Collection entries:
# # # # # # #
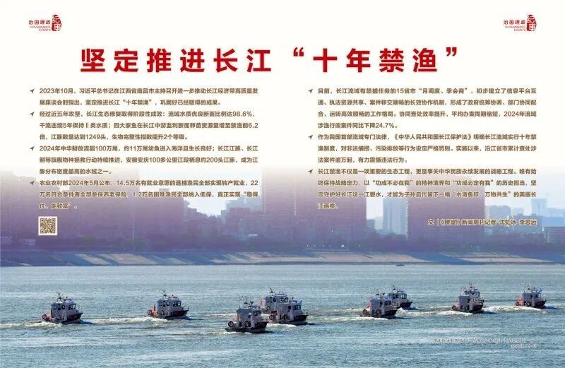 ◇2023年10月,習近平總書記在江西省南昌市主持召開進一步推動長江經濟帶高質量發展座談會時指出,堅定推進長江“十年禁漁”,鞏固好已經取得的成果。
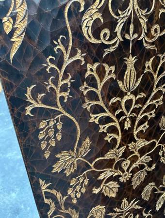 Available Black and Gold Four Panel Room Divider. This piece is in excellent condition please see all pictures and ask any questions you may have about this piece. Delivery is available to all...
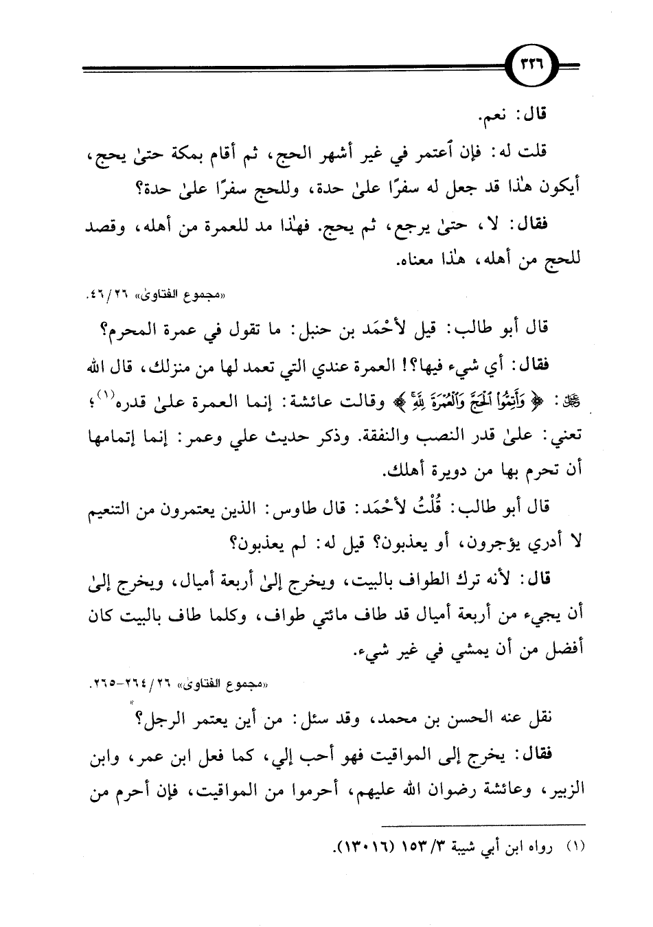 قال أبو طالب: قيل لأحْمَد بن حنبل: ما تقول في عمرة المحرم؟
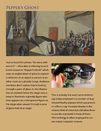 Furthermore, for the spiritualists and for the XR creators, technology has been particularly useful in mediating the coexistence of the seemingly incompatible; for instance, the technological strategy that superimposes figures viewed through a pane of glass held at an angle (see Pepper’s Ghost below) is still often employed to create virtual computer screens and augmented reality glasses.
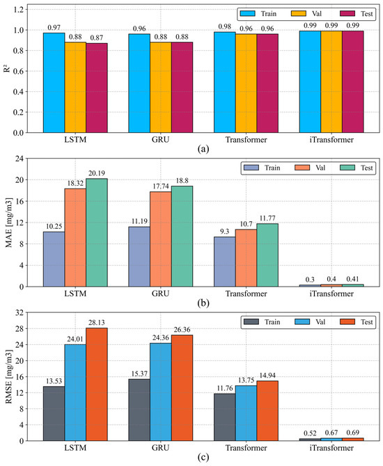 The performance of the models was evaluated based on three metrics: R2, MAE, and RMSE. The results are shown in Figure 16. The iTransformer model demonstrates excellent predictive performance, achieving R2 values of 0.99 across the training, validation, and testing sets. iTransformer significantly outperforms the comparative models LSTM (0.97, 0.88, 0.87) and GRU (0.96, 0.88, 0.88) and surpasses the Transformer model with the same architecture (0.98, 0.96, 0.96).
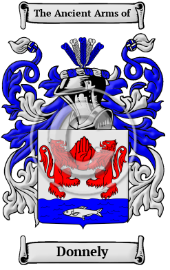 Ireland Etymology of DonnelyWhat does the name Donnely mean? Today's Irish surnames are underpinned by a multitude of rich histories. The name Donnely originally appeared in Gaelic as Ó Donnghaile, derived from the words "donn," which means "brown," and "gal," which means "valor." 1 Early Origins of the Donnely familyThe surname Donnely was first found in County Donegal. Later, the sept expanded eastward and became based at Ballydonnelly in the county of Tyrone. The name continues to be common in this area of Ireland today. The name is believed to be directly descended from King Niall of the Nine Hostages, the great Irish general/king who died by the River Seine in France about 365 A.D., after soundly defeating the Romans and being instrumental in their return to the south. Niall made King Arthur's exploits seem rather small by comparison. The Donnelly chief was always elected Chief Marshall of the O'Neill forces and their exploits have filled the pages of Irish history compiled by the Four Masters. They are a part of the great Clann Eoghan(Owen). They claim to be seventeenth in descent from the great King Niall, and their territories were at Ballydonnelly in County Tyrone. Early History of the Donnely familyThis web page shows only a small excerpt of our Donnely research. Another 111 words (8 lines of text) covering the years 1603, 1641, 1650, 1716, 1786, 1816, 1825, 1826 and 1836 are included under the topic Early Donnely History in all our PDF Extended History products and printed products wherever possible. Donnely Spelling VariationsThe Middle Ages saw a great number of spelling variations for surnames common to the Irish landscape. One reason for these variations is the fact that surnames were not rigidly fixed by this period. The following variations for the name Donnely were encountered in the archives: Donnely, Donnelly, Donelly, O'Donnelly, O'Donelly, Donnolly, Donnally, Donolly, Donnilly, Donnelie, Donneley, O'Donnally and many more. Early Notables of the Donnely familyPatrick Donnelly (1650-1716), an Irish Roman Catholic Bishop, known as The Bard of Armagh, born in Desertcreaght, Cookstown, County Tyrone.
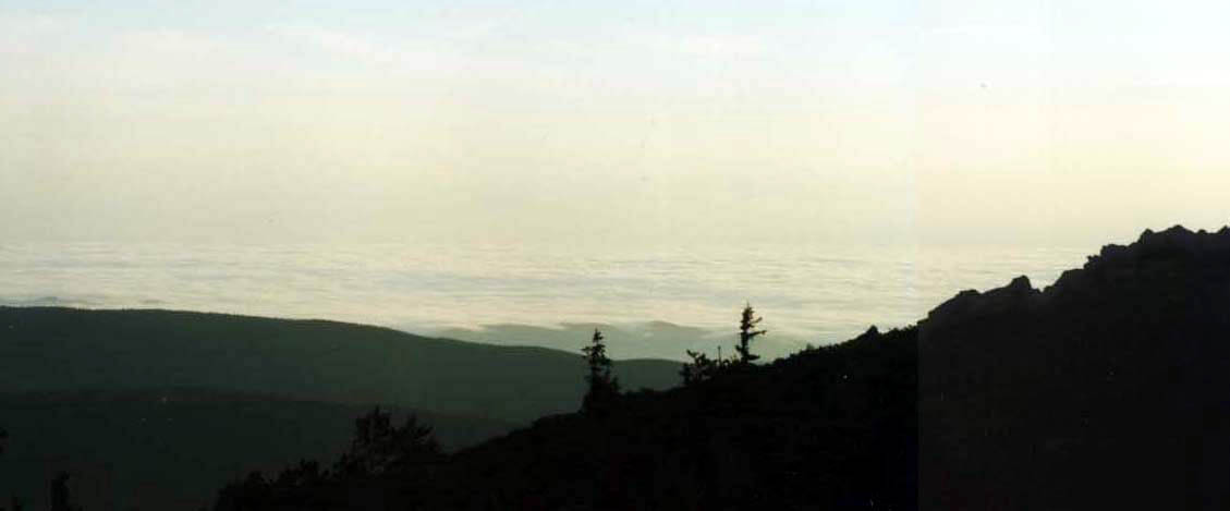 The Front Range covered with clouds.
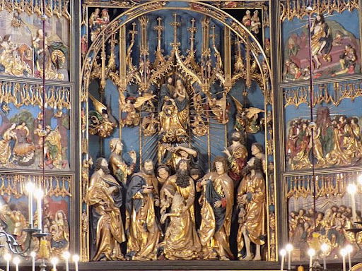 Cel mai faimos element al bazilicii este altarul gotic sculptat de Veit Stoss, un adevărat capodoperă a artei medievale, cu detalii extrem de fine care descriu scene biblice pline de dramatism și expresivitate. Interiorul bisericii este decorat cu vitralii colorate și fresce care creează o atmosferă solemnă și impresionantă.
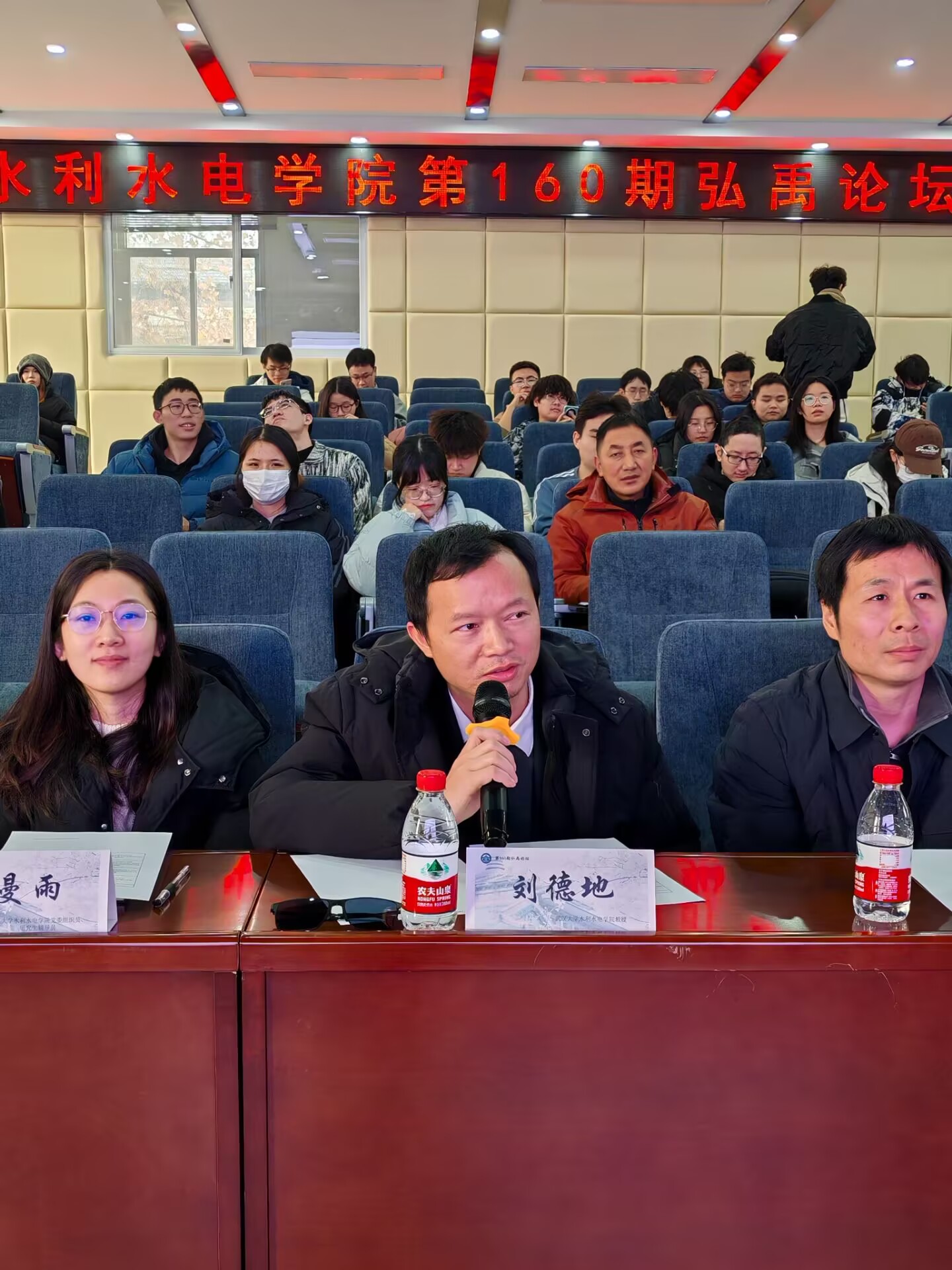 委员会主办,学院分团委、学院研究生会学术科技部以及水文水资源系研究生第一至第五党支部联合承办的第160期研究生“弘禹论坛”在工学部六教401报告厅举办。本次活动邀请了水文水资源系刘德地老师与刘小宁老师作为专业评委老师,研究生辅导员陈曼雨、许笑星、万柳柳作为嘉宾出席活动。本次论坛主讲嘉宾为黄一凡、魏毅恒、韩亚静和范志鹏。
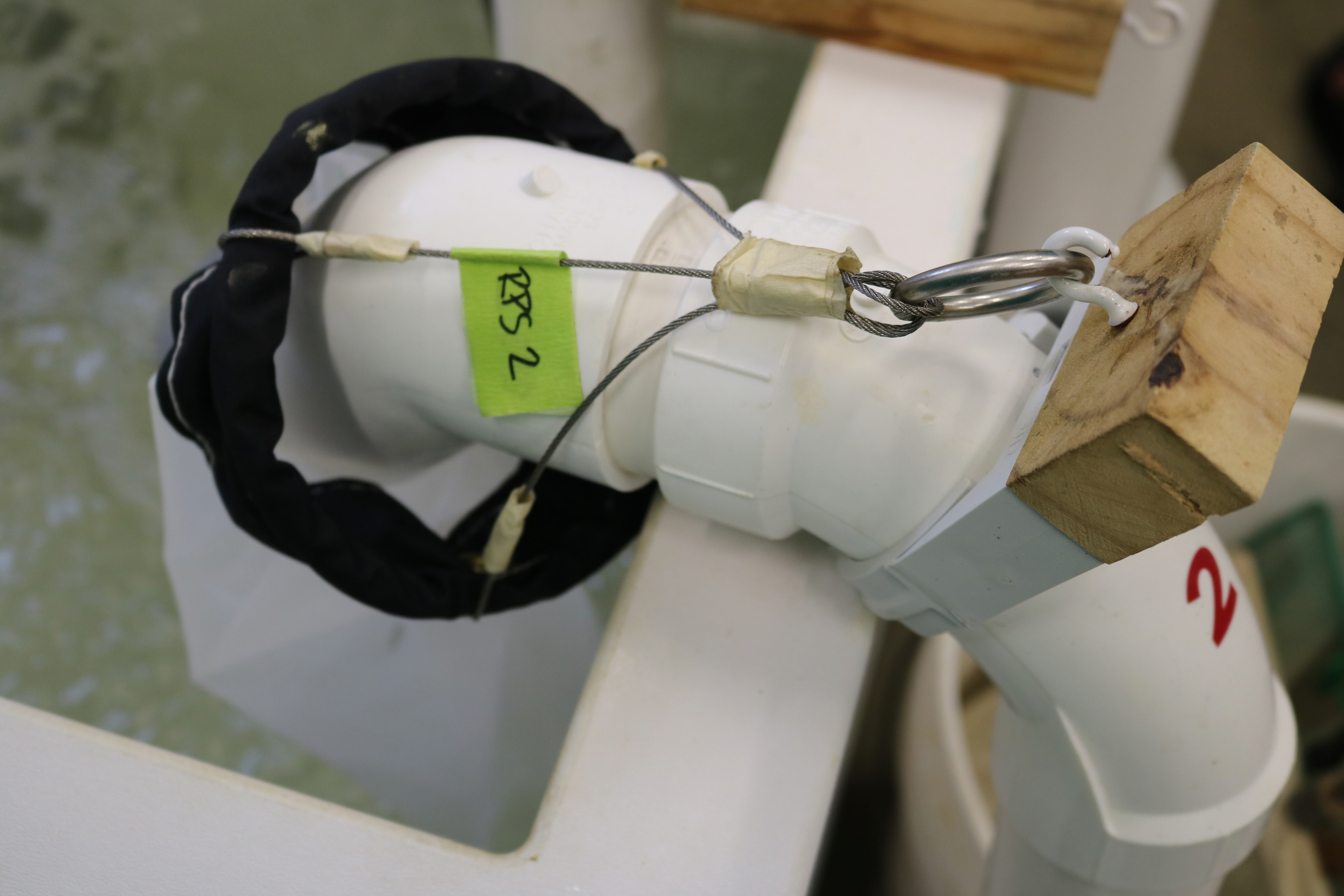 A plankton net hanging over the RPS tank outflow pipe to collect juvenile mussels at the Virginia Fisheries and Aquatic Wildlife Center at Harrison Lake National Fish Hatchery. Photo: Matthew Patterson, USFWS.
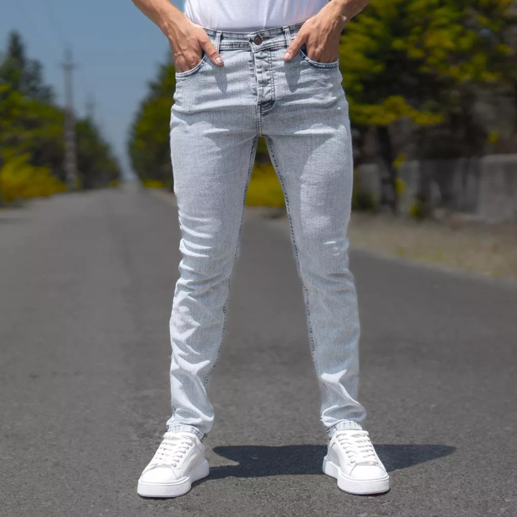 شلوار جین آبی روشن مردانه مدل راسته - اورجینال (ترک) با تنخوری عالی، رنگ ثابت -دوخت شرکت L CON
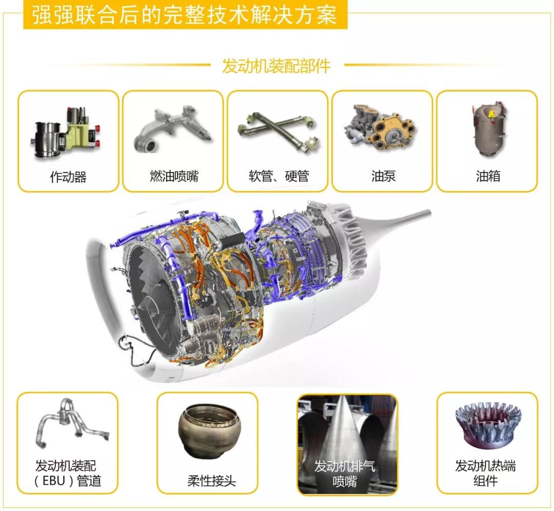 Exotic Metals先进的金属管路、发动机热端组件、发动机装配(EBU)产品将与派克宇航集团现有的发动机、机体产品融合,使宇航集团的技术覆盖EBU流体管理、飞机气动、滑油、液压、燃油、油箱惰化、飞行控制等各类机载系统和部件。
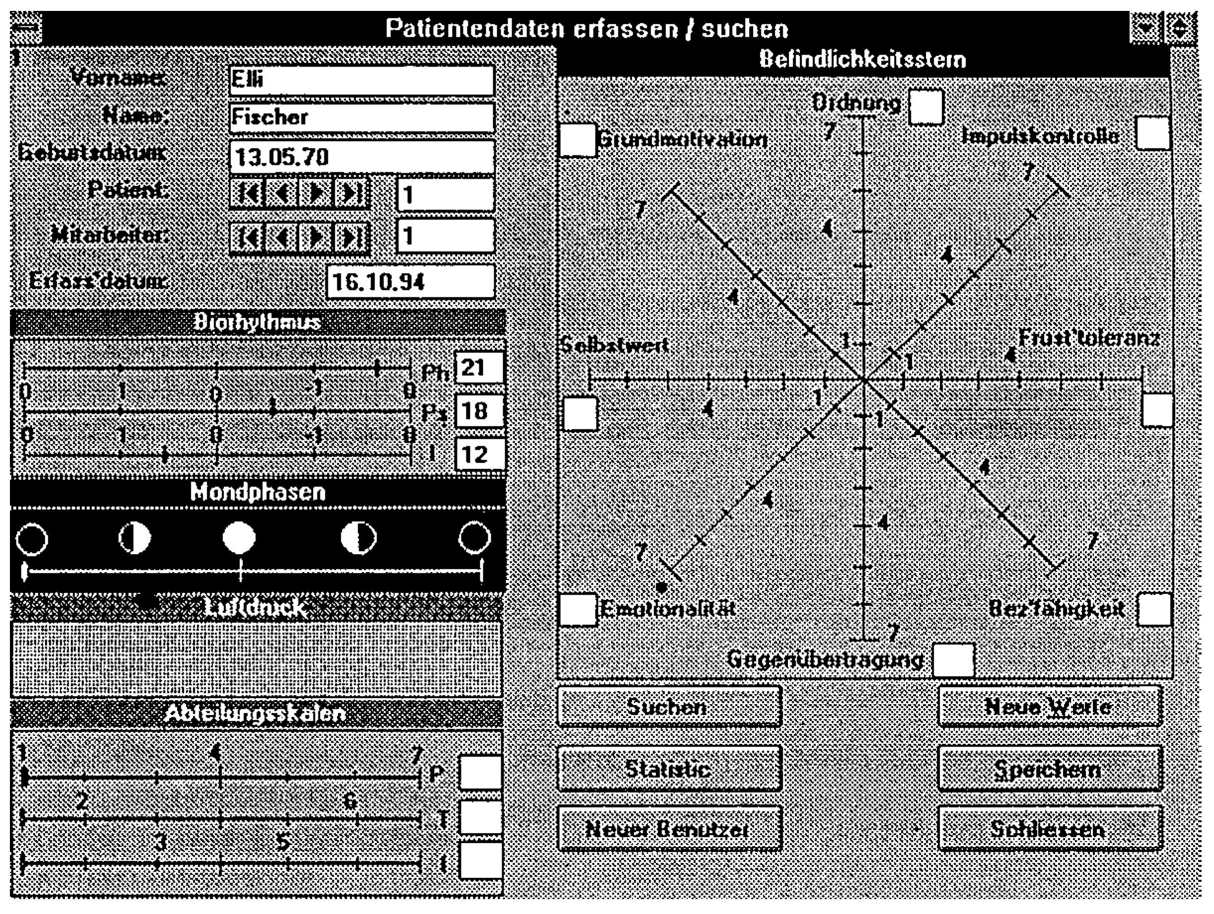 Als zentrales Instrument entwickelten wir den «Befindlichkeitsstern», ein computerisiertes (Wir sind Frau Elena Baitmann und den Dozenten der Ingenieurschule Muttenz sehr zu Dank verpflichtet, die das aufwendige Schreiben eines Computerprogramms nach unseren Wünschen im Rahmen einer Diplomarbeit des Informatik-Nachdiplomstudiums übernommen haben.) Instrument zur Erfassung, Verarbeitung und Visualisierung der kontinuierlichen Patienten-, Selbstund Abteilungsbeurteilungen durch die Mitarbeiter (Das aktuelle PC-Programm sieht vor, dass «weiche» biologische und umweltbedingte Faktoren, die populär mit Schwankungen der Befindlichkeit in Zusammenhang gebracht werden (Mondphase, Wetterfühligkeit, Biorhythmus), mituntersucht werden können. Die Frage der Wetterfühligkeit wird zusammen mit Dr. H. Rychner vom Institut für Atmosphärenphysik der ETH Zürich bearbeitet.).
# # # # # # #
When the line containing "شلوار جین آبی" is reached, write out that line and each one after it exactly, ending with the last line of the records; pictures are not copied.

(Written solution):
 شلوار جین آبی روشن مردانه مدل راسته - اورجینال (ترک) با تنخوری عالی، رنگ ثابت -دوخت شرکت L CON
 Exotic Metals先进的金属管路、发动机热端组件、发动机装配(EBU)产品将与派克宇航集团现有的发动机、机体产品融合,使宇航集团的技术覆盖EBU流体管理、飞机气动、滑油、液压、燃油、油箱惰化、飞行控制等各类机载系统和部件。
 Als zentrales Instrument entwickelten wir den «Befindlichkeitsstern», ein computerisiertes (Wir sind Frau Elena Baitmann und den Dozenten der Ingenieurschule Muttenz sehr zu Dank verpflichtet, die das aufwendige Schreiben eines Computerprogramms nach unseren Wünschen im Rahmen einer Diplomarbeit des Informatik-Nachdiplomstudiums übernommen haben.) Instrument zur Erfassung, Verarbeitung und Visualisierung der kontinuierlichen Patienten-, Selbstund Abteilungsbeurteilungen durch die Mitarbeiter (Das aktuelle PC-Programm sieht vor, dass «weiche» biologische und umweltbedingte Faktoren, die populär mit Schwankungen der Befindlichkeit in Zusammenhang gebracht werden (Mondphase, Wetterfühligkeit, Biorhythmus), mituntersucht werden können. Die Frage der Wetterfühligkeit wird zusammen mit Dr. H. Rychner vom Institut für Atmosphärenphysik der ETH Zürich bearbeitet.).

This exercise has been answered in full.